Intuitive eating helped give me a place to talk about this kind of internal consent. I came to it through Christy Harrison’s book Anti Diet. I’ve never really been a weight loss dieter, but I definitely feel into the “wellness diet” realm for many years, where I was convinced I could solve all my health problems through extremely rigid and curated nutrition. And it dominated my life. I came to understand that I could let all that go, and eating and movement could become something joy-filled again, something experienced as peace rather than as life-threatening angst.
I love the IE space because it’s the only place where I’ve found people talking very explicitly and concretely about working with trusting their bodies, about how to listen to that inner YES and NO and the varieties of ways our bodies communicate those.

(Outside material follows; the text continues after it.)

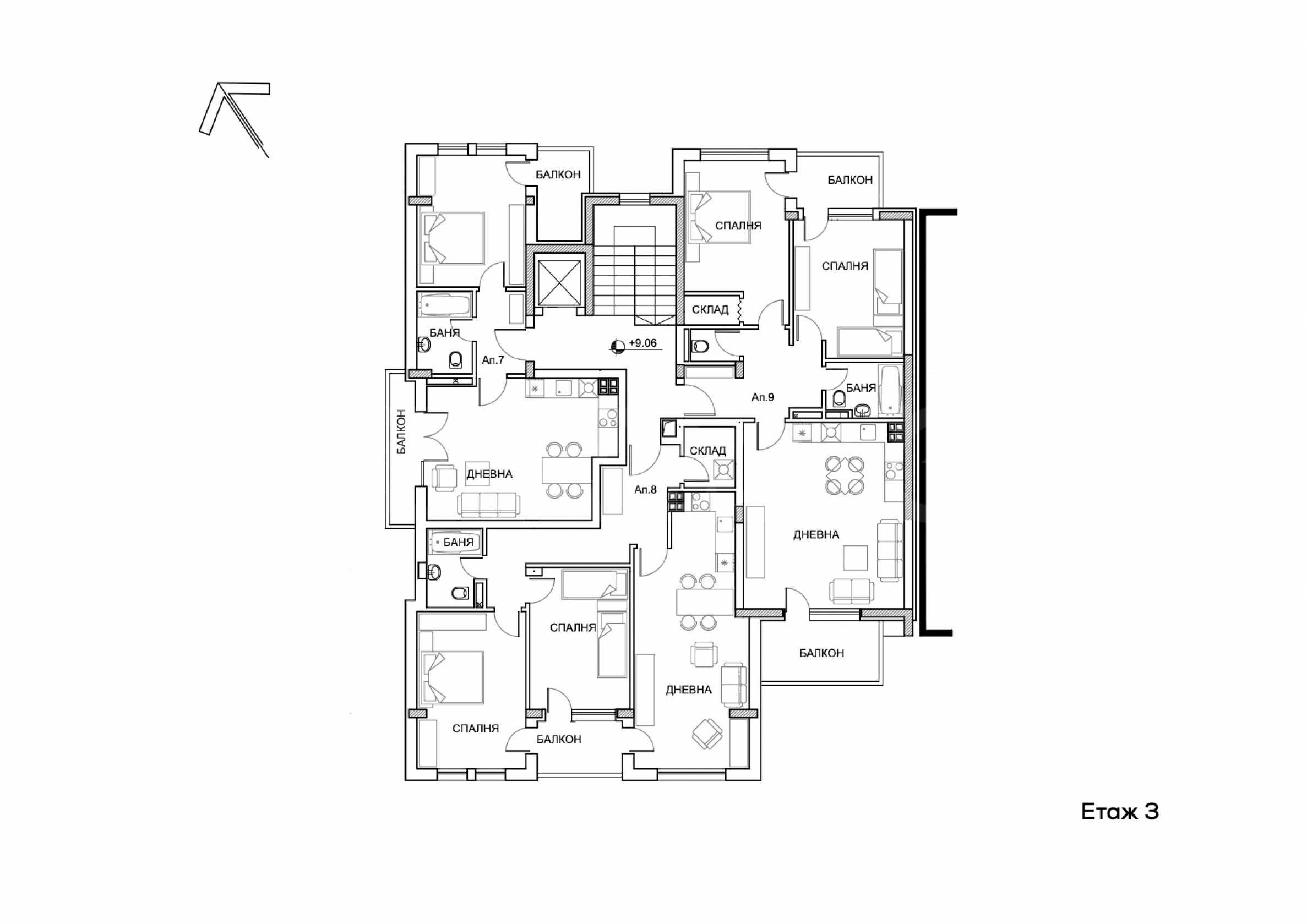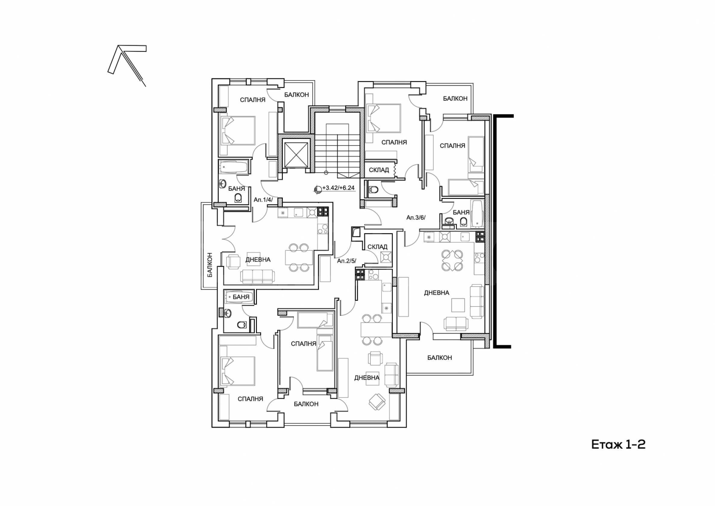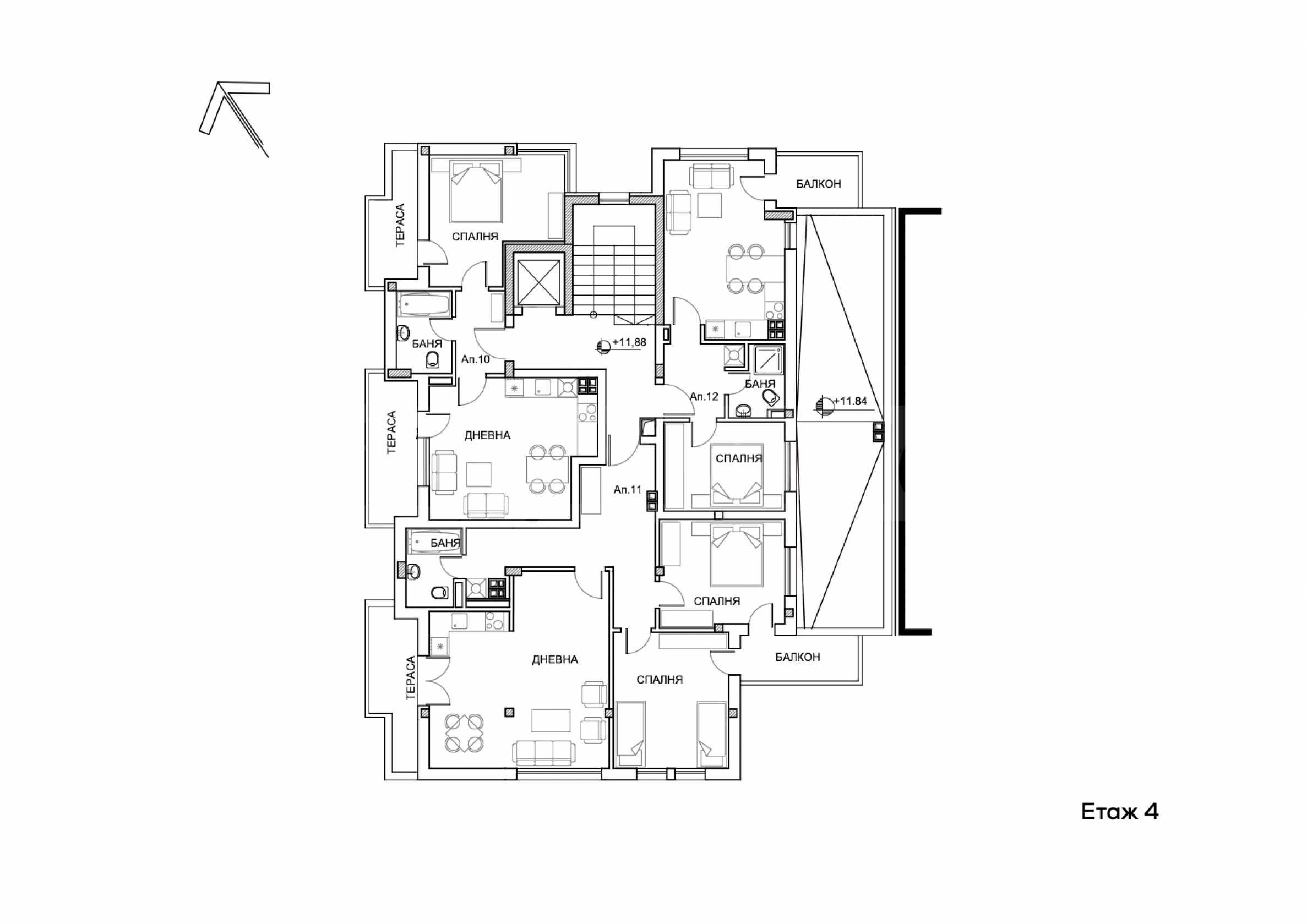 • един четиристаен апартамент, разположен на последния етаж.

I came to believe that we are able to have absolute trust in our bodies, that if we are really listening to them, we can completely trust them to lead us into compassionate “right action”.
I mean this completely and absolutely. If we cultivate a relationship of internal consent and trust, we can absolutely trust our bodies to move in the direction of “ending suffering for all beings” rather than in the direction of increasing suffering (for this being or any other).
This was my vow when I ordained: to dedicate my life to ending suffering for all beings. Its both impossible and I vow to do it.
So, I circle back to my formal meditation practice: if the literal act of sitting meditation in one of 3 allowed postures is injuring me or causing other harm, if meditation itself is landing violently on my body, how can I ever hope that this will end suffering for all beings? The ends absolutely do not justify the means. That’s not possible. Violence cannot and will not ever beget peace and non-violence.
I give myself permission to explore formal zen practice non-violently. To find a way to do it that doesn’t harm this body or other bodies. And the only way for me to do that is to investigate radical consent. Moment to moment I am listening to what my body is telling me, and when it says stop, I stop.